A word-for-word copy of the data, pictures excluded, is what this task asks for.

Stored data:
- - - - - - -
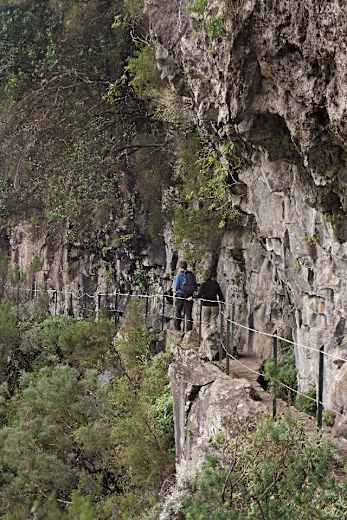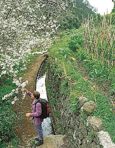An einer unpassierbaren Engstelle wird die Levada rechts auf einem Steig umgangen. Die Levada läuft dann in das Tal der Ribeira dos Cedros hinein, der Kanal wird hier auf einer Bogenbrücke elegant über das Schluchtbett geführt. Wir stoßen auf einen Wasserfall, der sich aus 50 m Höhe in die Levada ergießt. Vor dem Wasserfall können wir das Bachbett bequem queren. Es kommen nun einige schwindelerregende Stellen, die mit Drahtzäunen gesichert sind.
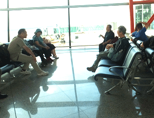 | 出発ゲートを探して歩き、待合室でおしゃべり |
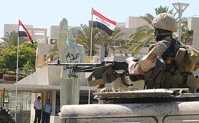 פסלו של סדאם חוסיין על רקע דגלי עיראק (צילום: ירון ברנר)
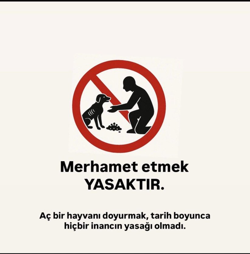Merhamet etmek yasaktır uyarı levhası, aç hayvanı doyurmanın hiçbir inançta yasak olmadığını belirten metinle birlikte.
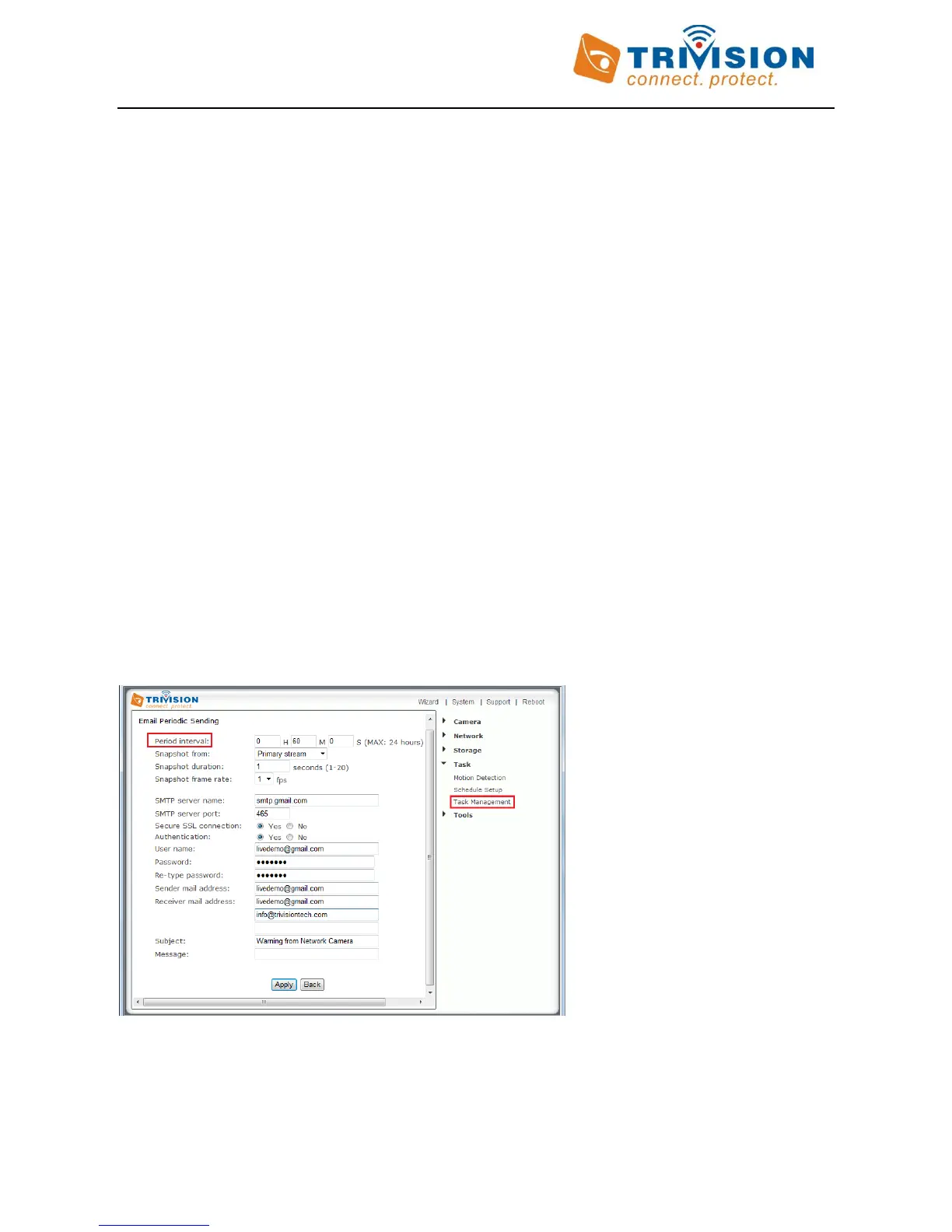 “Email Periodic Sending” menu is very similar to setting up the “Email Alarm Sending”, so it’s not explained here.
- - - - - - -
**Finished exercise**
An einer unpassierbaren Engstelle wird die Levada rechts auf einem Steig umgangen. Die Levada läuft dann in das Tal der Ribeira dos Cedros hinein, der Kanal wird hier auf einer Bogenbrücke elegant über das Schluchtbett geführt. Wir stoßen auf einen Wasserfall, der sich aus 50 m Höhe in die Levada ergießt. Vor dem Wasserfall können wir das Bachbett bequem queren. Es kommen nun einige schwindelerregende Stellen, die mit Drahtzäunen gesichert sind.
 | 出発ゲートを探して歩き、待合室でおしゃべり |
 פסלו של סדאם חוסיין על רקע דגלי עיראק (צילום: ירון ברנר)
Merhamet etmek yasaktır uyarı levhası, aç hayvanı doyurmanın hiçbir inançta yasak olmadığını belirten metinle birlikte.
 “Email Periodic Sending” menu is very similar to setting up the “Email Alarm Sending”, so it’s not explained here.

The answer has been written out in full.